CUNNING AGAINST CUNNING.
A majority of the New York Legislature was bought. It looked as if the consolidation act would go through without difficulty. Surreptitiously, however, certain leading men in the Legislature plotted with the Wall Street opponents of Vanderbilt to repeat the trick attempted by the New York aldermen in 1863. The bill would be introduced and reported favorably; every open indication would be manifested of keeping faith with Vanderbilt. Upon the certainty of its passage the market value of the stock would rise. With their prearranged plan of defeating the bill at the last moment upon some plausible pretext, the clique in the meantime would be busy selling short.
Information of this treachery came to Vanderbilt in time. He retaliated as he had upon the New York aldermen; put the price of New York and Harlem stock up to $285 a share and held it there until after he was settled with. With his chief partner, John Tobin, he was credited with pocketing many millions of dollars. To make their corner certain, the Vanderbilt pool had bought 27,000 more shares than the entire existing stock of the road. "We busted the whole Legislature," was Vanderbilt's jubilant comment, "and scores of the honorable members had to go home without paying their board bills."

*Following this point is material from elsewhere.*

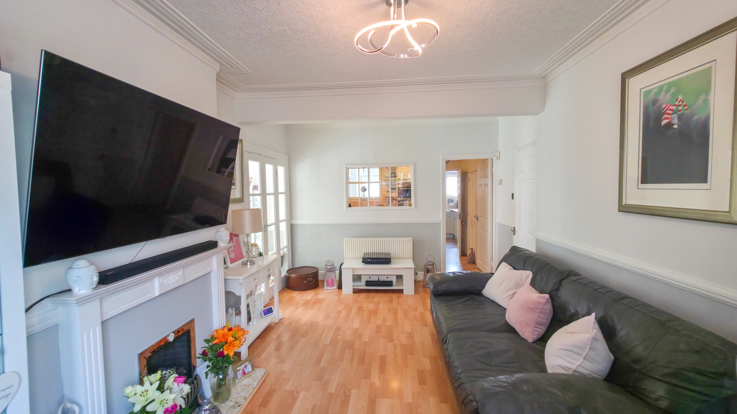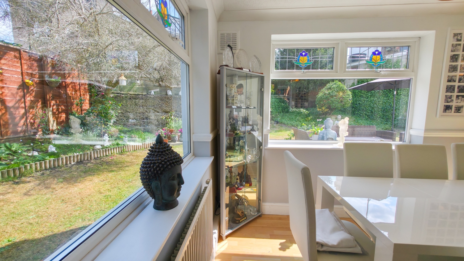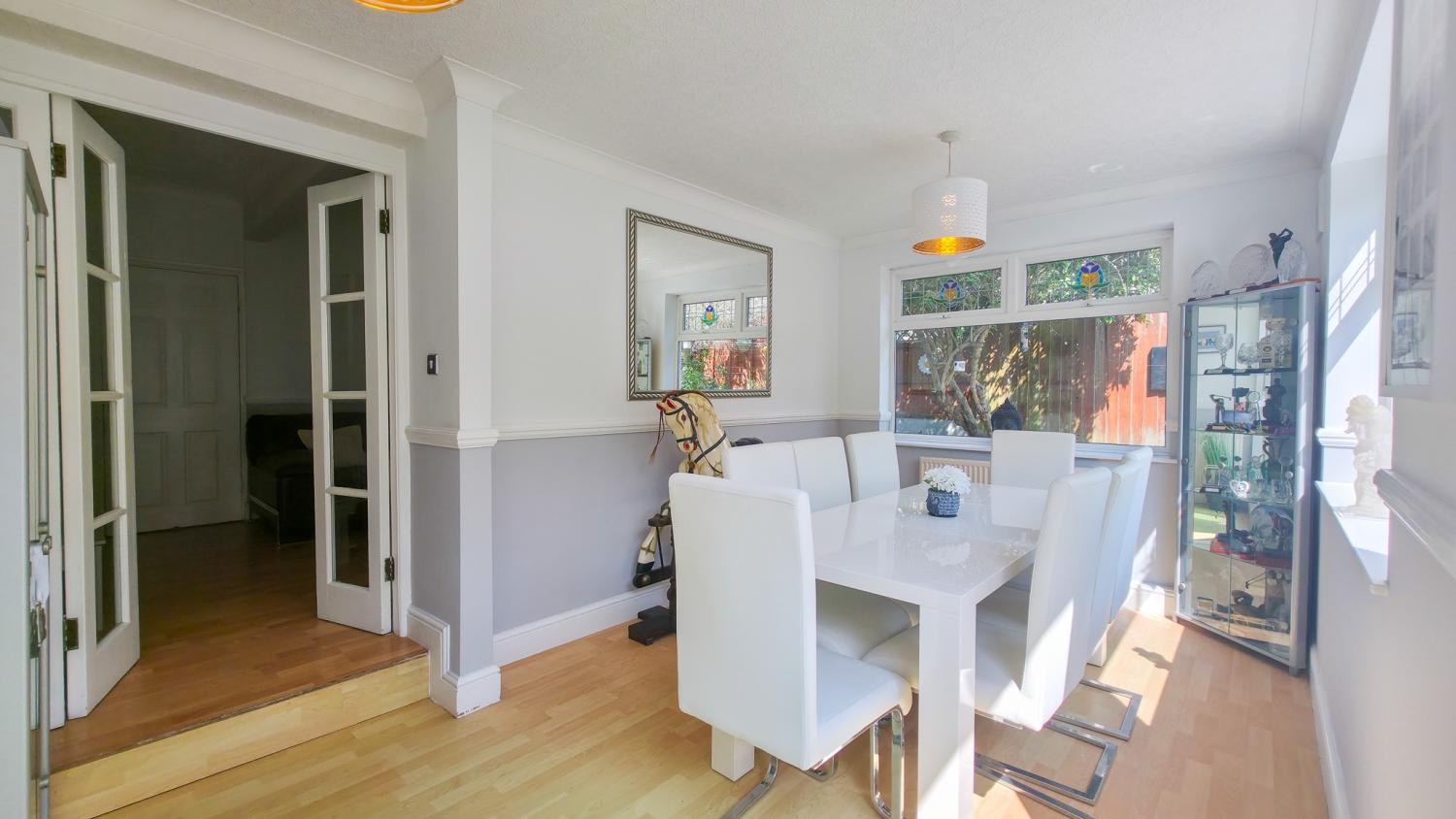 Set across two well-planned floors, the home welcomes you into a bright hallway leading to a separate formal living room, ideal for relaxation or entertaining. To the rear, a spacious dining room overlooks a beautifully maintained private garden, creating a calming setting for family meals and social gatherings.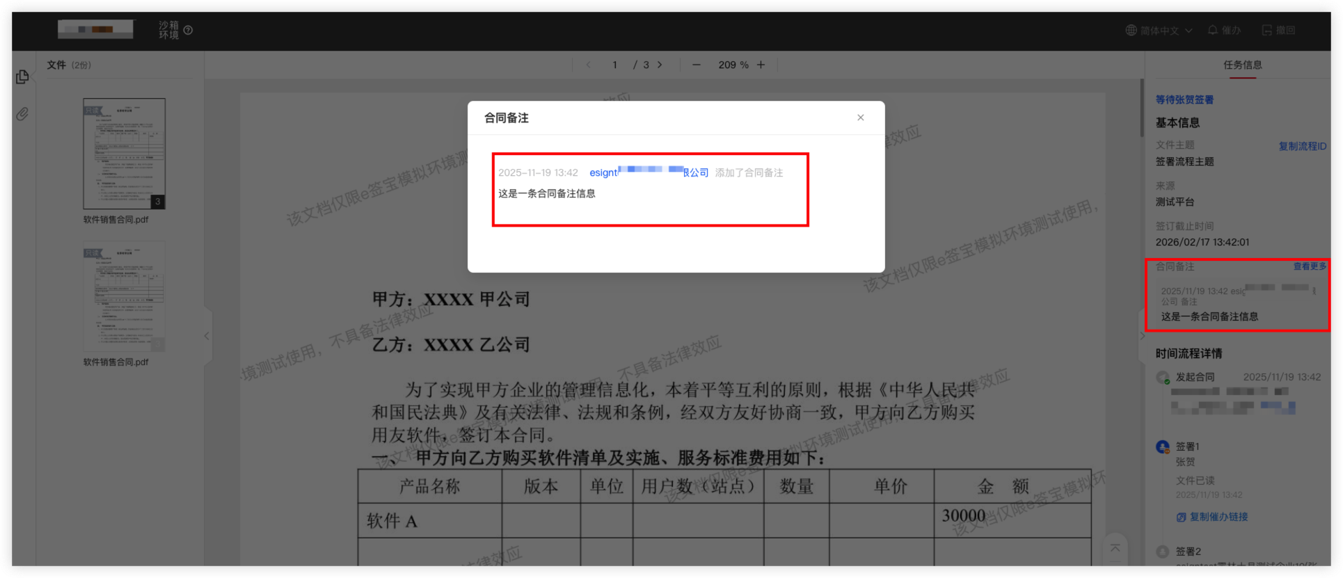- 内部可见:备注信息仅发起方可查看,签署方无法看到。

The numerous millions taken in by Vanderbilt in these transactions came from a host of other men who would have plundered him as quickly as he plundered them. They came from members of the Legislature who had grown rich on bribes for granting a continuous succession of special privileges, or to put it in a more comprehensible form, licenses to individuals and corporations to prey in a thousand and one forms upon the people. They came from bankers, railroad, land and factory owners, all of whom had assiduously bribed Congress, legislatures, common councils and administrative officials to give them special laws and rights by which they could all the more easily and securely grasp the produce of the many, and hold it intact without even a semblance of taxation.
The very nature of that system of gambling called stock-market or cotton or produce exchange speculation showed at once the sharply- defined disparities and discriminations in law.
Common gambling, so-called, was a crime. The gambling of the exchanges was legitimate and legalized, and the men who thus gambled with the resources of the nation were esteemed as highly respectable and responsible leaders of the community. For a penniless man to sell anything he did not own, or which was not in existence, was held a heinous crime and was severely punished by a long prison term. But the members of the all-powerful propertied class could contract to deliver stocks which they did not own or which were non-existent, or they could gamble in produce often not yet out of the ground, and the law saw no criminal act in their performances.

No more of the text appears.